WORK TASK: The listing below begins with the first line you should copy; stop after the line containing "Ráno, což bylo", and drop every picture.

:: DATA BELOW ::

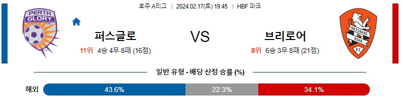 오버(3.5) 양상에서 퍼스글로리가 승리를 기록할 것으로 본다. 홈에서의 강세도 무시하기는 어려울 것으로 보이는 상태이고, 특히 화력전에서의 장점을 양껏 보여주고 있다는 점을 중요하게 생각할 수 있을 것. 브리즈번이 늘 원정에서는 약한 편이고, 특히 네빌이 없으면 기초적인 실수가 너무 잦아지는 상황도 잦다.
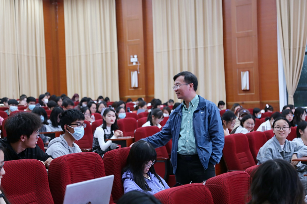 在问答环节,廖院长详细解答了同学们的提问。针对日语专业同学对职业规划的提问,廖院长指出:本科阶段多学一门语言,就会在进入到后期研究时多一个视角,多一种理解的维度。学习一个民族的语言,实际上可以使我们对该民族有更深层次的理解,为深入进行文化、社会、历史等研究打下良好的基础。
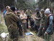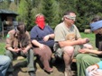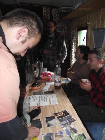 Ráno, což bylo kolem poledne, se budíme a pomalu vstáváme. V dopisech byla rozstříhaná křížovka a spousta fotek. V balících jsme objevili skládací metr, pravou ruku a lahvičku se záhadnou čirou tekutinou. Nakonec se podařilo vyluštit nic neříkající tajenku: Pod třemi kameny. A co jako? Čert hlásí,že jedny viděl na krtinci za vagonem. Honem běžíme rozkopat krtinec. Tam nic. Obcházíme místa na fotkách a všude jsou tři kameny! Po opětovném rozkopávání krtince a brutálním výslechu Krtečka nakonec hledači pochopí, že asi musí postupovat dle slov seřazených v křížovce. V lese za řekou u studánky hledají podklad mezi maliním. Nakonec ho první objeví Ruprecht. Vevnitř je mňamka.
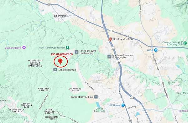 130 Heavely Cove location offers the perfect blend of privacy and convenience. Rayvon Ranch is tucked away in a small, quiet residential area and is situated within easy reach of essential amenities and modern conveniences. This parcel of land is a picturesque and buildable lot nestled in the serene community near Leander, Texas, encompassing 2.328 acres of land and offering a tranquil and spacious setting for your next dream home. Situated in a quaint one-street 7-lot community of 2+ acre premium lots, 130 Heavenly Cove boasts breathtaking natural surroundings, including many large, mature Oak trees. Shopping centers, HEB, restaurants, entertainment options, medical facilities. The sought-after Liberty Hills ISD schools are just a short drive away, ensuring that residents can enjoy the benefits of both nature and urban conveniences. With its proximity to the Texas Hill Country, residents can explore hiking trails, engage in watersports on nearby lakes, or simply revel in the beauty of the surrounding landscapes. 130 Heavenly Cove presents the last opportunity to build a residence in the exclusive community of Rayvon Ranch. Build your next Dream Home at 130 Heavenly Cove and enjoy the peaceful ambiance and atmosphere of calm and relaxation, providing the owners with a retreat from the hustle and bustle of city life.

:::

RESPONSE TO THE TASK:
 오버(3.5) 양상에서 퍼스글로리가 승리를 기록할 것으로 본다. 홈에서의 강세도 무시하기는 어려울 것으로 보이는 상태이고, 특히 화력전에서의 장점을 양껏 보여주고 있다는 점을 중요하게 생각할 수 있을 것. 브리즈번이 늘 원정에서는 약한 편이고, 특히 네빌이 없으면 기초적인 실수가 너무 잦아지는 상황도 잦다.
 在问答环节,廖院长详细解答了同学们的提问。针对日语专业同学对职业规划的提问,廖院长指出:本科阶段多学一门语言,就会在进入到后期研究时多一个视角,多一种理解的维度。学习一个民族的语言,实际上可以使我们对该民族有更深层次的理解,为深入进行文化、社会、历史等研究打下良好的基础。
 Ráno, což bylo kolem poledne, se budíme a pomalu vstáváme. V dopisech byla rozstříhaná křížovka a spousta fotek. V balících jsme objevili skládací metr, pravou ruku a lahvičku se záhadnou čirou tekutinou. Nakonec se podařilo vyluštit nic neříkající tajenku: Pod třemi kameny. A co jako? Čert hlásí,že jedny viděl na krtinci za vagonem. Honem běžíme rozkopat krtinec. Tam nic. Obcházíme místa na fotkách a všude jsou tři kameny! Po opětovném rozkopávání krtince a brutálním výslechu Krtečka nakonec hledači pochopí, že asi musí postupovat dle slov seřazených v křížovce. V lese za řekou u studánky hledají podklad mezi maliním. Nakonec ho první objeví Ruprecht. Vevnitř je mňamka.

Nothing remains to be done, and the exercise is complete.